Dalam catatannya, Kruyt mengatakan tidak akan menceritakan apa-apa tentang kisahnya saat tinggal di Donggala. Di sana, ia adalah tamu dari keluarga Asisten Residen, yakni Tuan dan Nyonya Grays, yang menurutnya sangat baik kepadanya. Setelah menghabiskan dua hari di sana, dirinya memulai perjalanan pulang.

Menurut Kruyt, perjalanannya ke Donggala, tentu saja akan menimbulkan pembicaraan dari masyarakat lokal, terkait apa yang sebenarnya akan ia lakukan di sana dengan Asisten Residen. Kruyt mencoba menjelaskan kepada mereka apa tujuannya dengan menulis surat, untuk memberitahukan tujuannya agar anaknya bisa menikah. Namun ia menyadari, tidak ada satu pun masyarakat yang percaya cerita ini. Menurut mereka, anda tidak perlu Asisten Residen untuk memberi tahu bahwa putra anda boleh menikah.

Papa I Dorontji kata Kruyt mengatakan ini, tetapi untuk menyembunyikan alasan sebenarnya di baliknya. Setahun yang lalu kata Kruyt, ada larangan umum menangkap ikan dengan racun. Atas permintaan penduduk, Kruyt kemudian memohon kepada Dewan untuk satu pengecualian terhadap larangan umum ini.
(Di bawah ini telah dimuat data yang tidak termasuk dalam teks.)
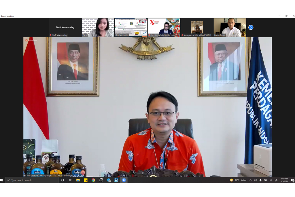 Wakil Menteri Perdagangan, Jerry Sambuaga menghadiri gelar wicara Gerakan Cinta Ekspor Produk Indonesia secara virtual di Jakarta, Kamis (5 Agustus).
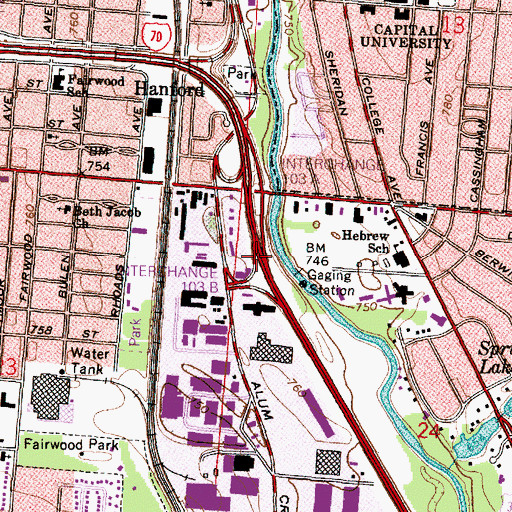 Interchange 103B, Ohio Interchange 103B is a crossing located in Franklin County, OH at N39.94590° W82.94351° (NAD83) and at an elevation of 770 ft MSL. It can be seen on the USGS 1:24K topographic map Southeast Columbus, OH.
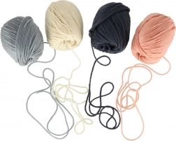 Oplev glæden ved at skabe med et sæt på fire garner i nøje afstemte nuancer (creme, grå, mørkeblå, abrikos). Takket være den behagelige blanding af polyester og akryl fnuldrer det ikke, filtrer mindre og glider godt på både strikkepinde og hæklenål. Farverne kan kombineres flot til kontrastfyldte og harmoniske mønstre.
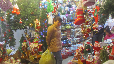 Les rue Hàng Ma et Luong Van Can attirent les badauds. Des boutiques de décorations de Noël y vendent des sapins, des pères Noël ou encore de la neige synthétique.
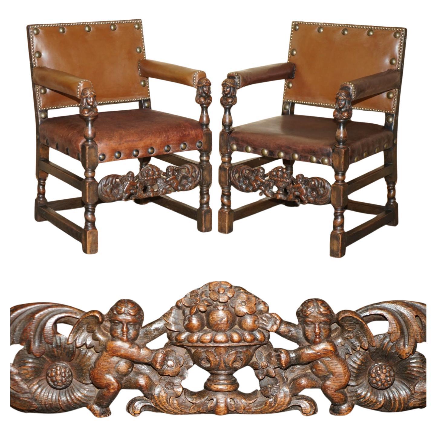 Fauteuil baroque anglais en chêne et cuir toilé avec pieds torsadés en orge
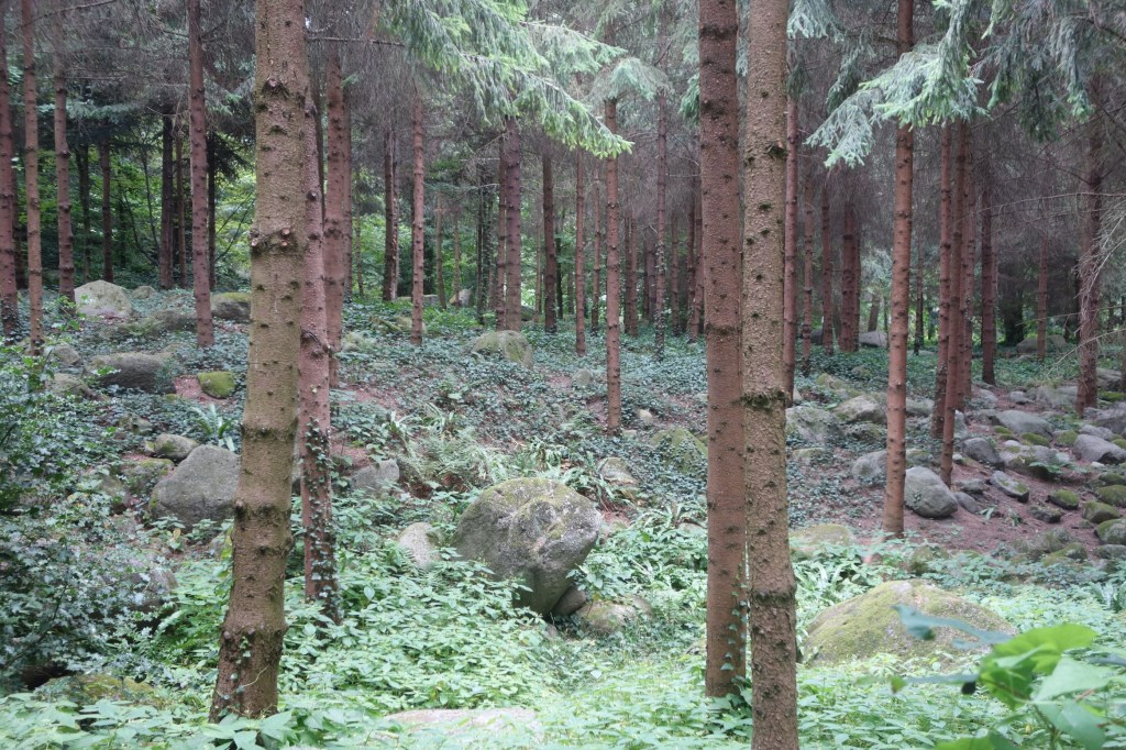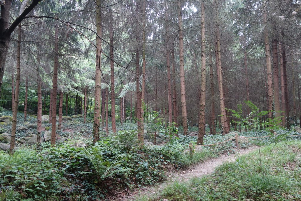 En revanche, en traversant la forêt vosgienne, on s’imagine si facilement loin de la ville, pourtant si proche de nous, à quelques dizaines de mètres derrière le mur d’enceinte. Inspirée des paysages montagneux de l’enfance de M. Kahn, ses chemins étroits entre les arbres et les nombreux rochers qui la parsèment m’ont également évoqué la forêt de Fontainebleau.
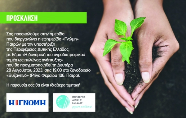 Η Περιφέρεια Δυτικής Ελλάδας σε συνεργασία με την εφημερίδα «Γνώμη», διοργανώνουν ημερίδα με τίτλο "Η δυναμική του αγροδιατροφικού κλάδου ως πυλώνας ανάπτυξης" που θα πραγματοποιηθεί τη Δευτέρα 28 Αυγούστου 2023 και ώρα 19:00 στο Ξενοδοχείο Βυζαντινό στην Πάτρα.
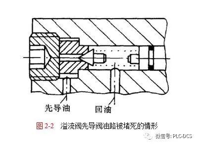 例,某液壓設(shè)備溢流閥,因不慎將先導(dǎo)閥座前端螺塞擰得過緊,將先導(dǎo)油路切斷(如圖2-2所示),結(jié)果使系統(tǒng)壓力升至9MPa,還超出正常調(diào)整壓力4MPa。
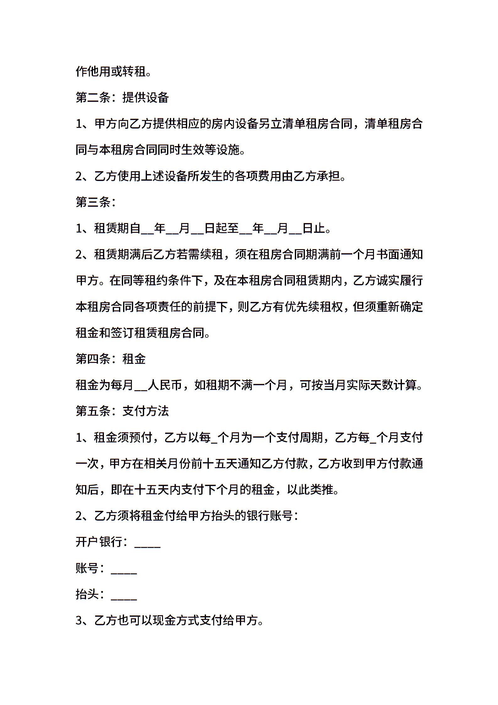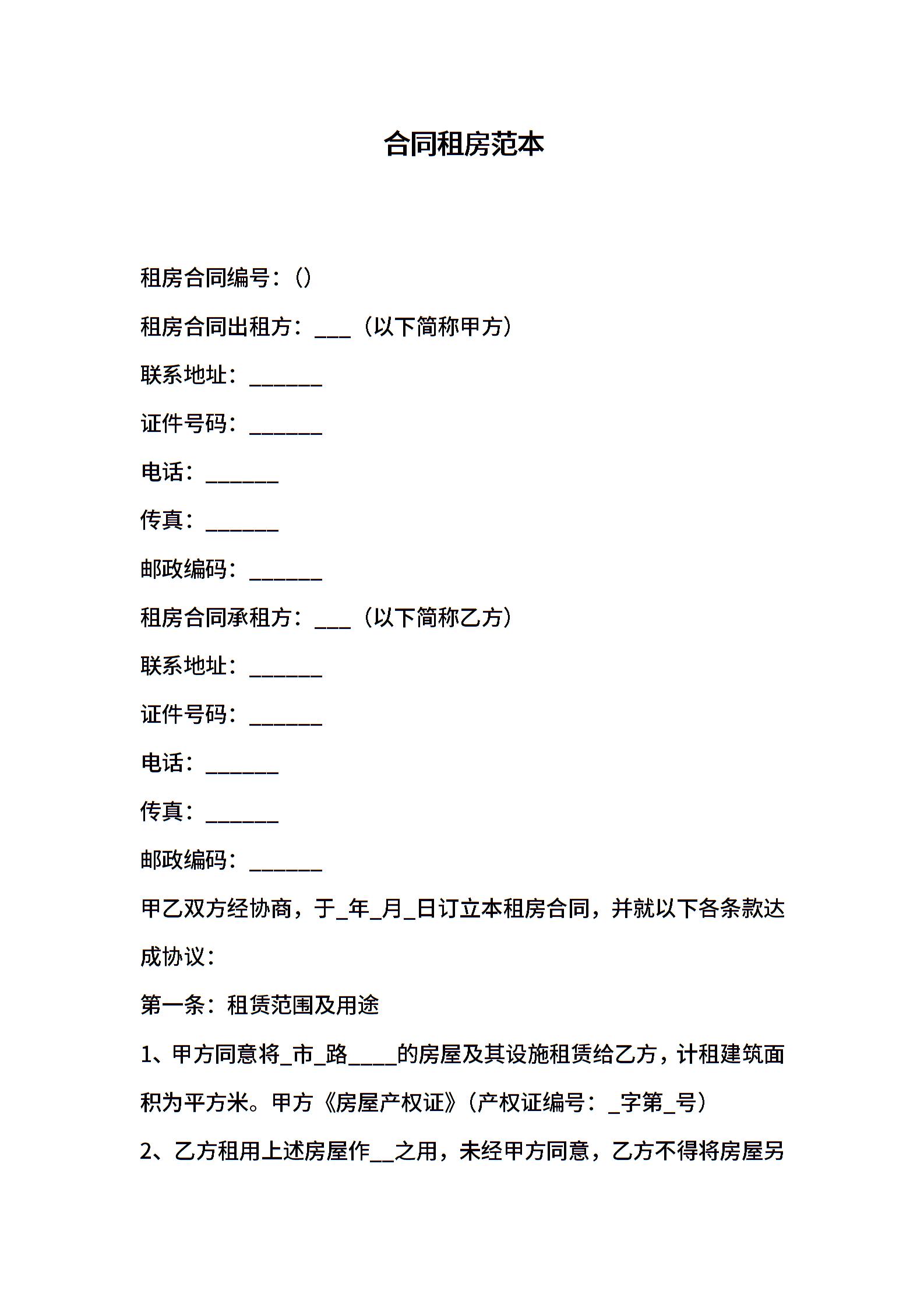 合同租房范本

Masalah ini memakan waktu lama, tetapi beberapa hari setelah ia kembali, para pemimpin mengumumkan kepada masyarakat, bahwa pengecualian diizinkan.

Dengan keluarnya izin ini, kemudian di masyarakat Poso, misteri perjalanan Kruyt terpecahkan, bahwa ia berangkat ke Donggala untuk memohon kepada Asisten Residen, untuk diizinkan memancing dengan racun, dalam keadaan tertentu, dan ia mendapat izin itu.